Start of Block

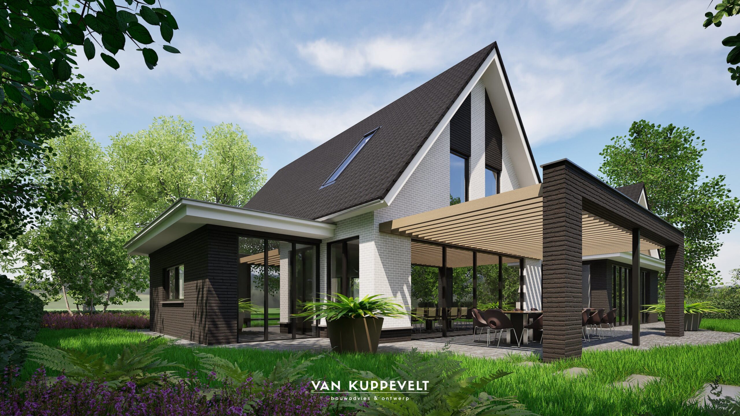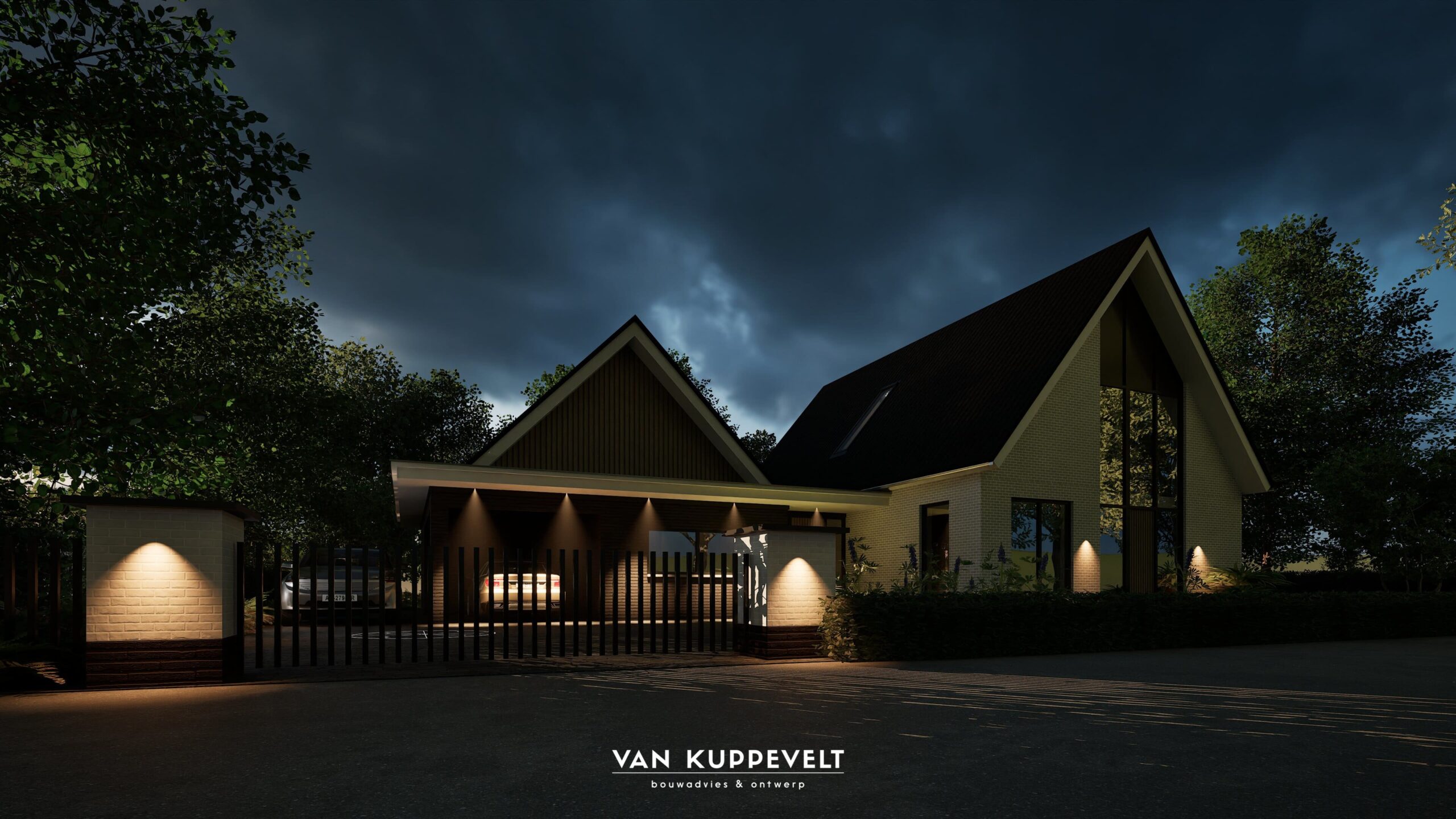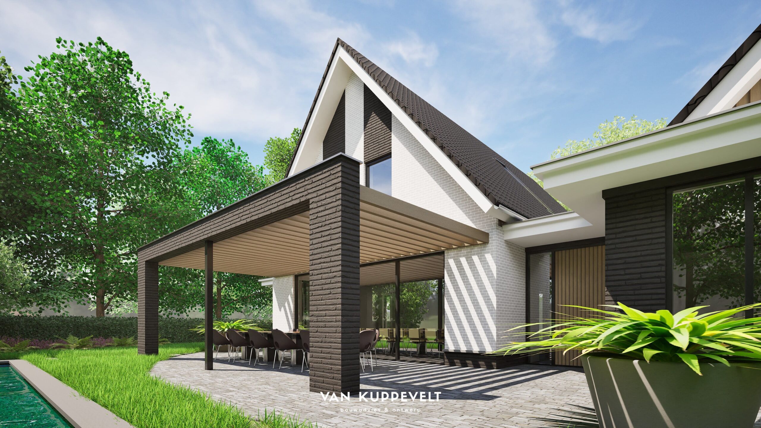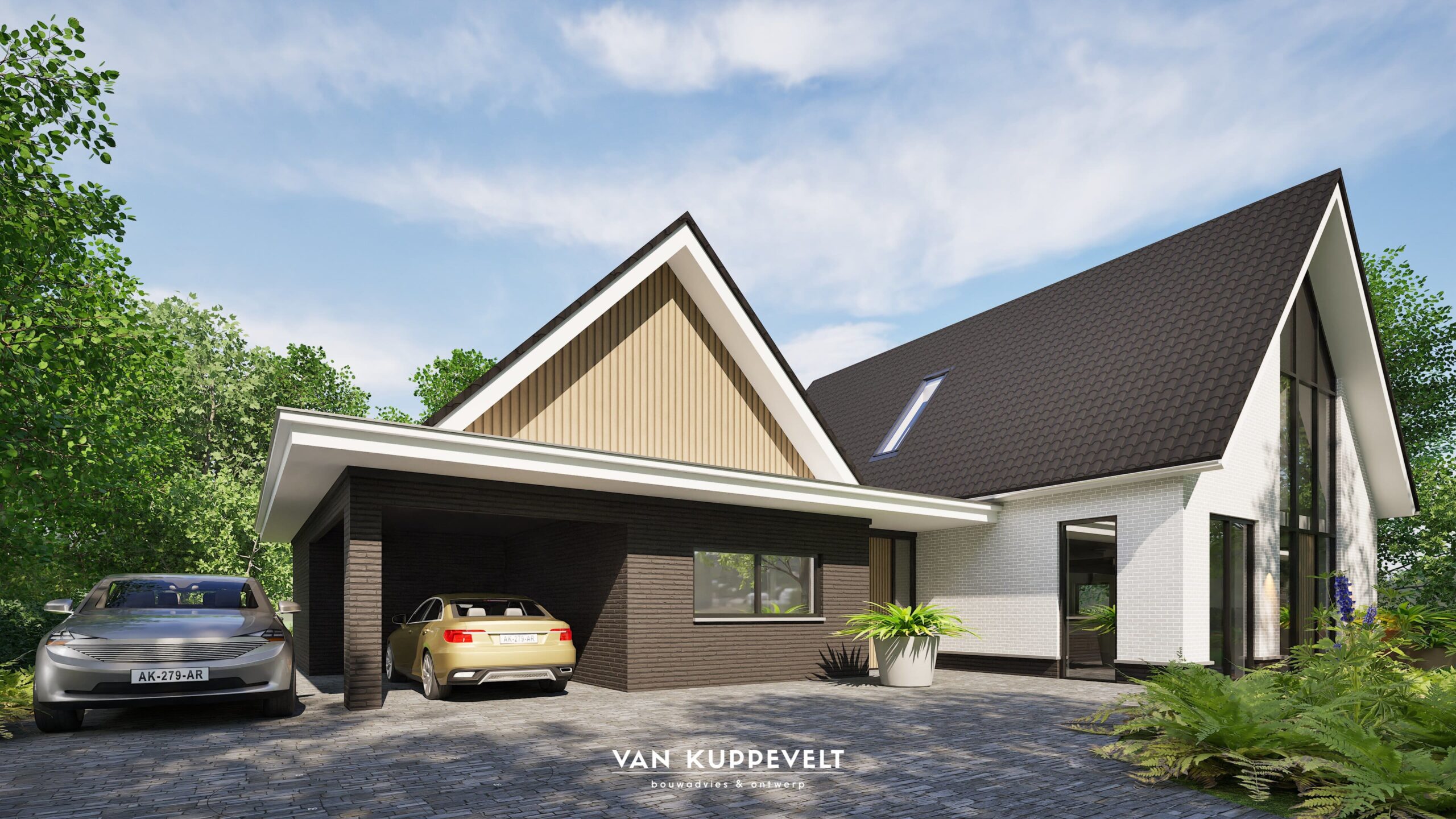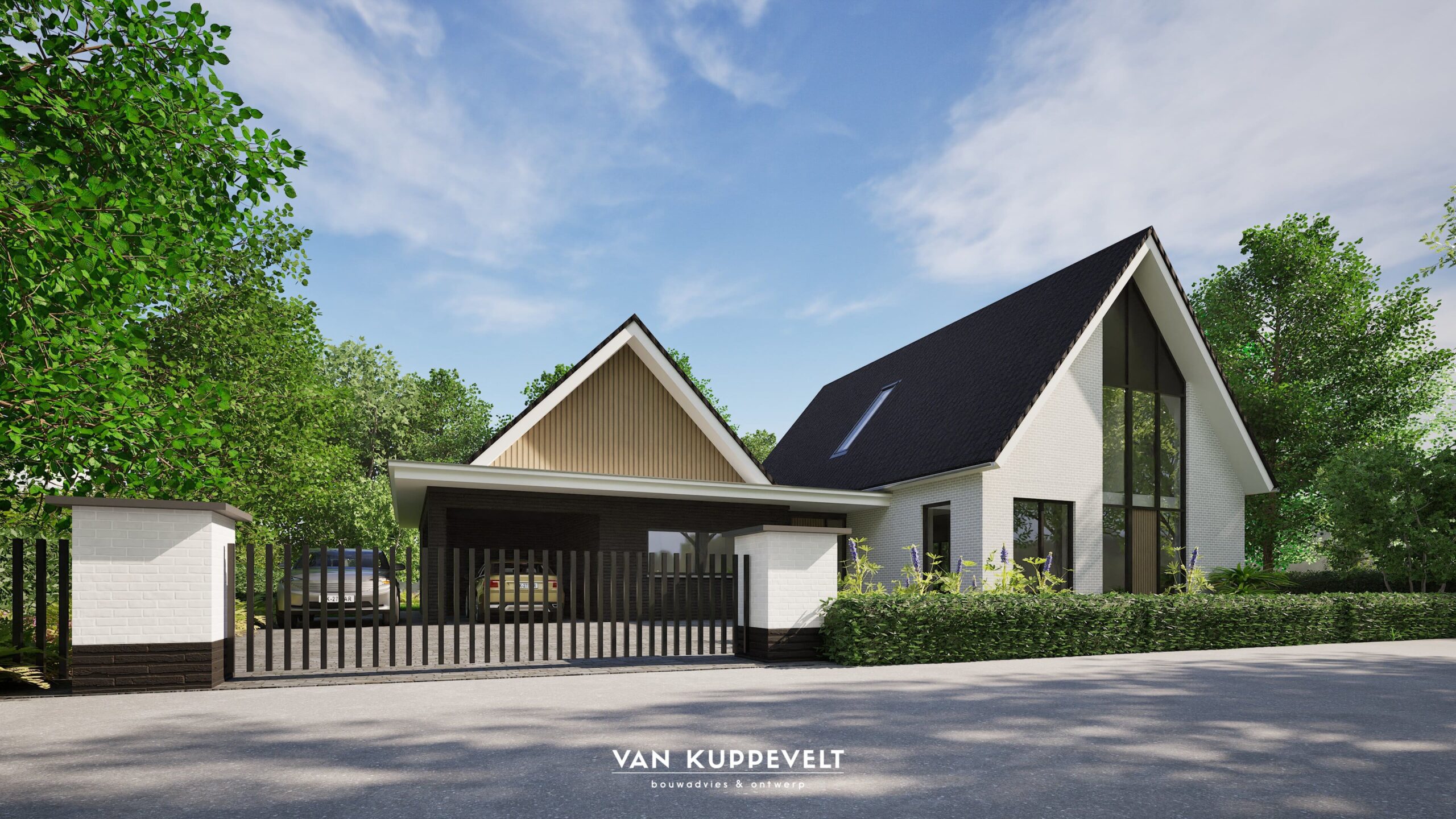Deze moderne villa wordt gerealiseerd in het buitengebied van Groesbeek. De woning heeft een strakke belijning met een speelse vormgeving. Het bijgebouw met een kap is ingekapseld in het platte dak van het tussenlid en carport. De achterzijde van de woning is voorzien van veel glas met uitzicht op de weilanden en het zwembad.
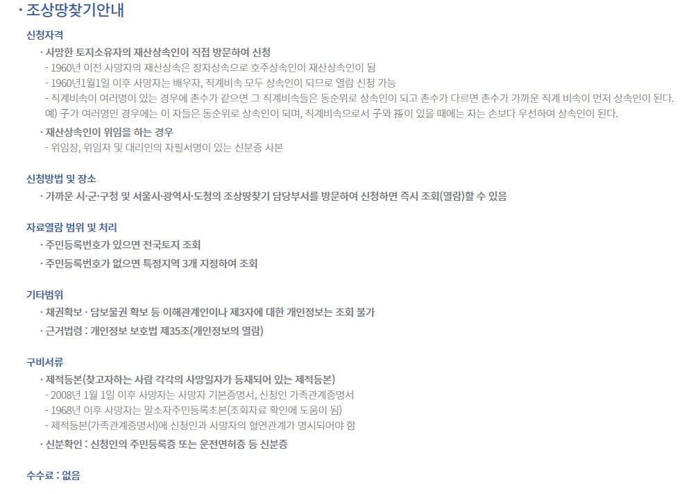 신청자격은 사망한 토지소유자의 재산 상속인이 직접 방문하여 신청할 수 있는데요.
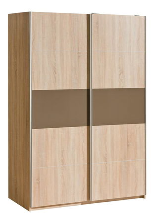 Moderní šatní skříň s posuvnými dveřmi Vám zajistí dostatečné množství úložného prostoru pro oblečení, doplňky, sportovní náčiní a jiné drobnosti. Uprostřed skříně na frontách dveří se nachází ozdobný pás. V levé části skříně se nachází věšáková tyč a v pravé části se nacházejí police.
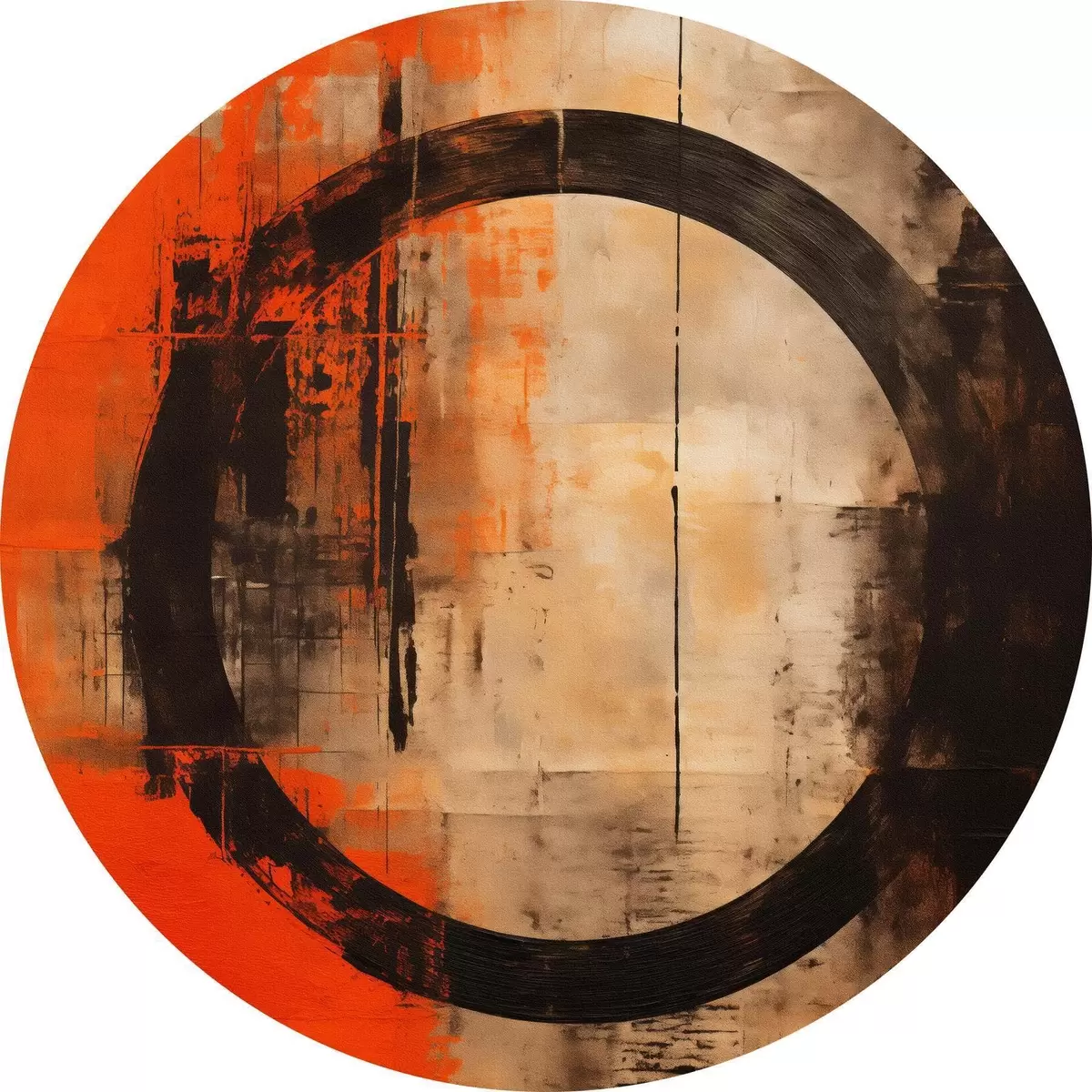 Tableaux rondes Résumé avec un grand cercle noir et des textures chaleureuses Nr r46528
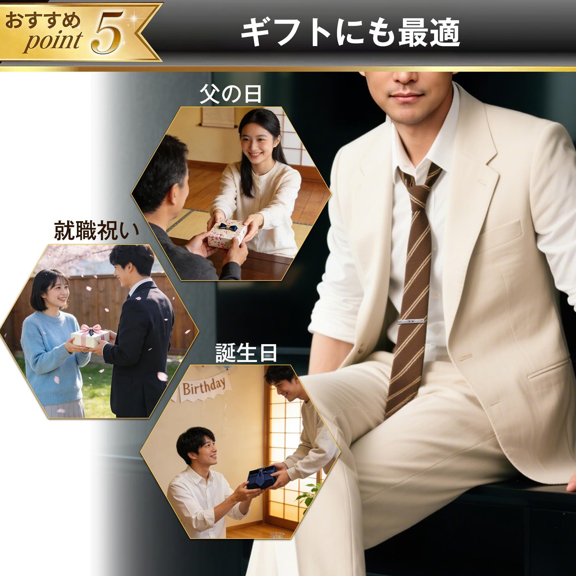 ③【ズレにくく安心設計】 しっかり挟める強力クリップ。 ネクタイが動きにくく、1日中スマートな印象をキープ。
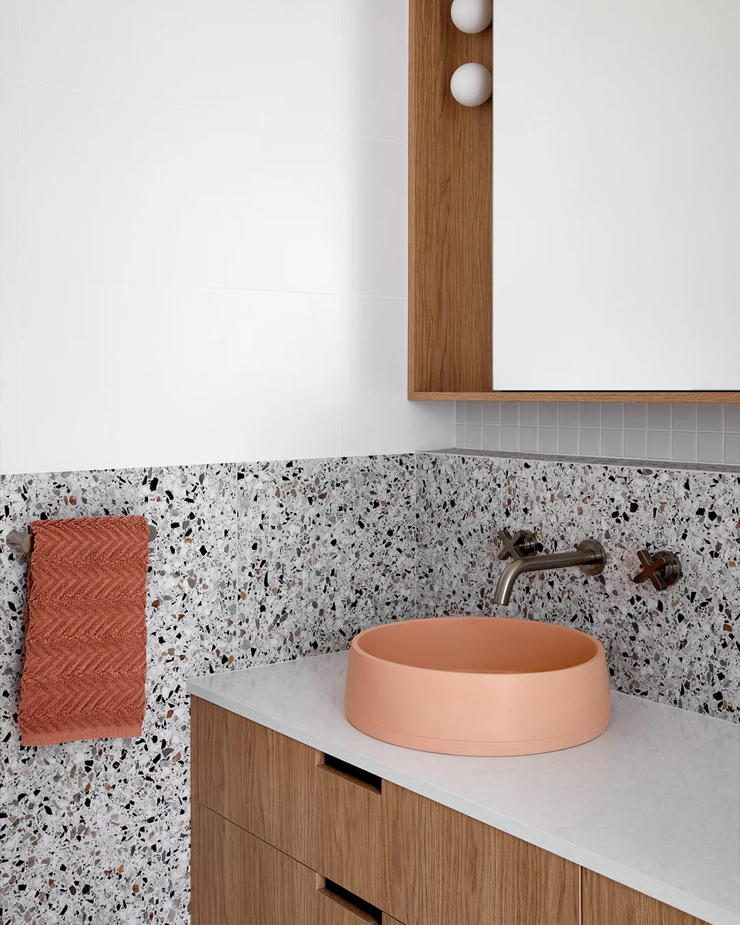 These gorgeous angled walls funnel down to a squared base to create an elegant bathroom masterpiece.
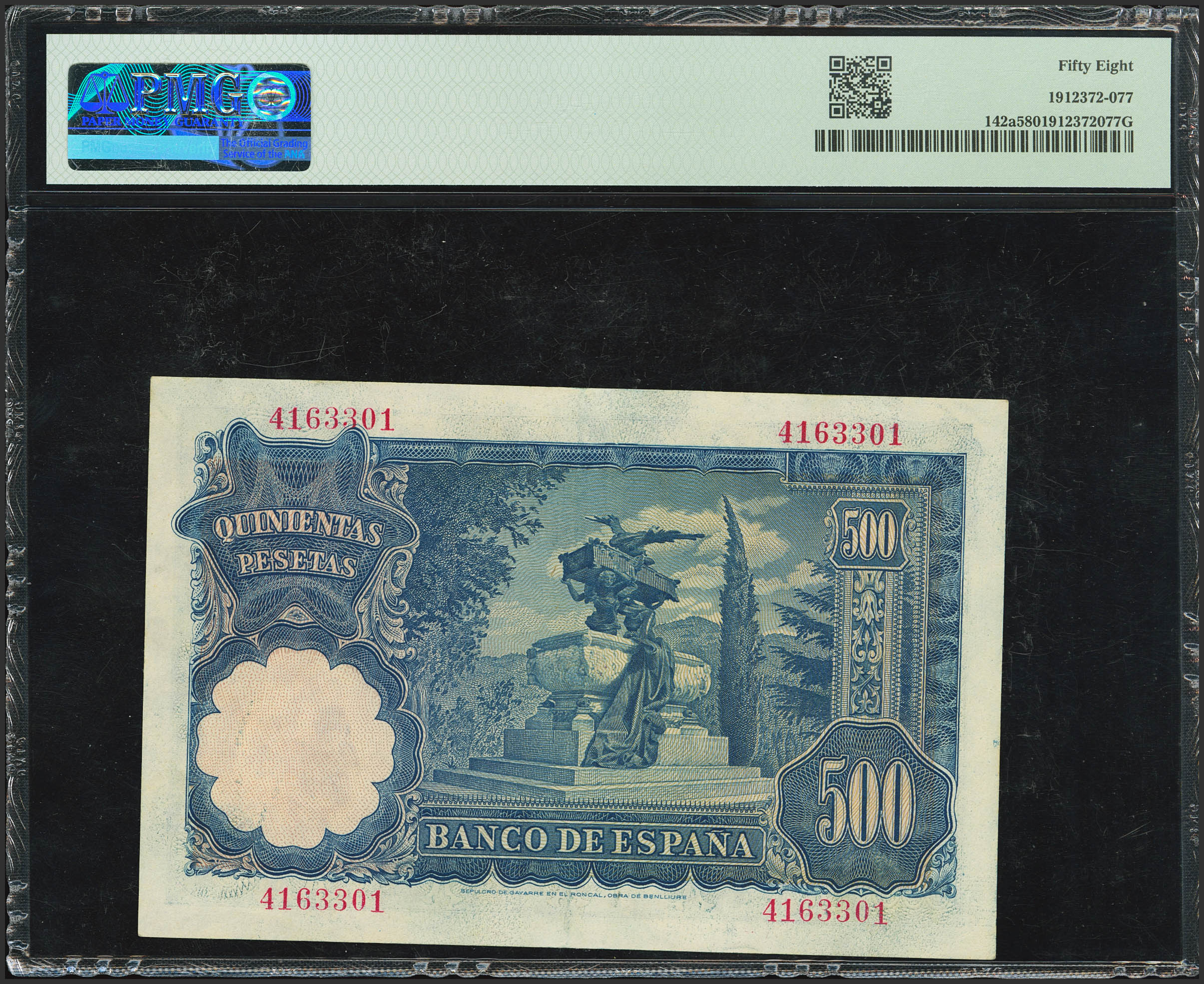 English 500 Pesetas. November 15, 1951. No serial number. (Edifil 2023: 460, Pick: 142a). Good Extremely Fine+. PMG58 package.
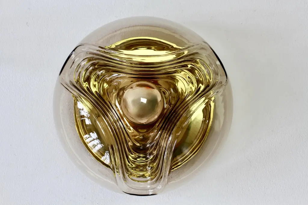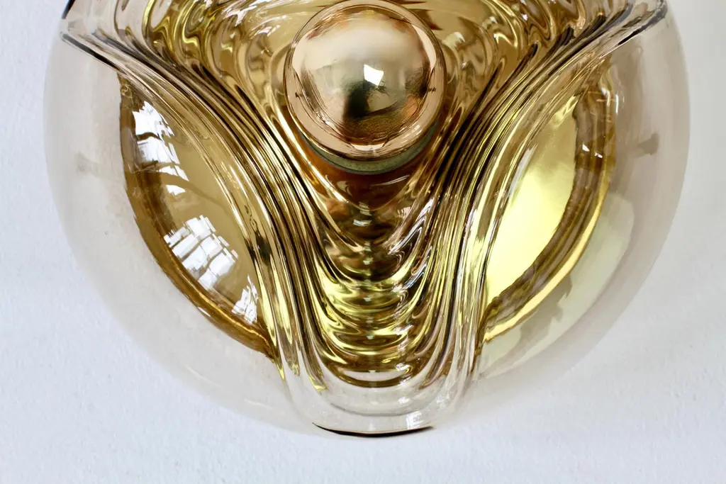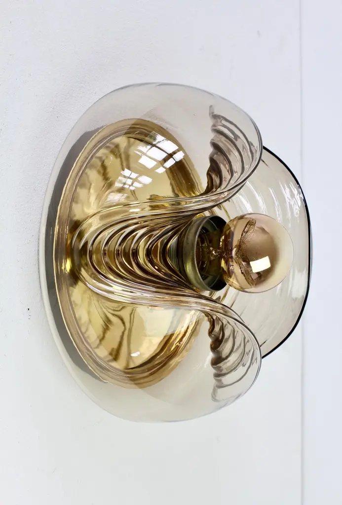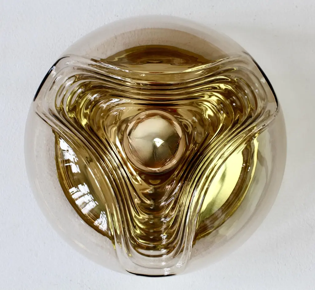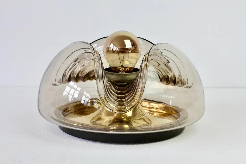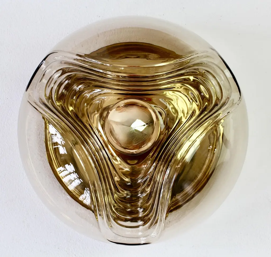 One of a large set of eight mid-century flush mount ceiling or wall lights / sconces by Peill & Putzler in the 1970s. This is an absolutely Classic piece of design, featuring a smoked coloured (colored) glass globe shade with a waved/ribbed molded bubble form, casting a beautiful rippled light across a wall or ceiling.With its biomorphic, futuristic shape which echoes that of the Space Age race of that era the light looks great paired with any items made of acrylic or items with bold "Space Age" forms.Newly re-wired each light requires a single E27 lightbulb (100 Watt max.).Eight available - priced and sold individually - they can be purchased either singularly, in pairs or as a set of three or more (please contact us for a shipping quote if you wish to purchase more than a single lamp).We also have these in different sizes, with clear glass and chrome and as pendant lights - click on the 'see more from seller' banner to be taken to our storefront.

End of Block

▸ **WHAT TO WORK ON**
Once the line with "③【ズレにくく安心設計】 しっかり挟める強力クリップ。 ネクタイが動きにくく、1日中スマートな印象をキープ。" is found above, transcribe each line from it through the line with "English 500 Pesetas.", exactly, and omit the pictures.

▸ **FINISHED EXERCISE**
 ③【ズレにくく安心設計】 しっかり挟める強力クリップ。 ネクタイが動きにくく、1日中スマートな印象をキープ。
 These gorgeous angled walls funnel down to a squared base to create an elegant bathroom masterpiece.
 English 500 Pesetas. November 15, 1951. No serial number. (Edifil 2023: 460, Pick: 142a). Good Extremely Fine+. PMG58 package.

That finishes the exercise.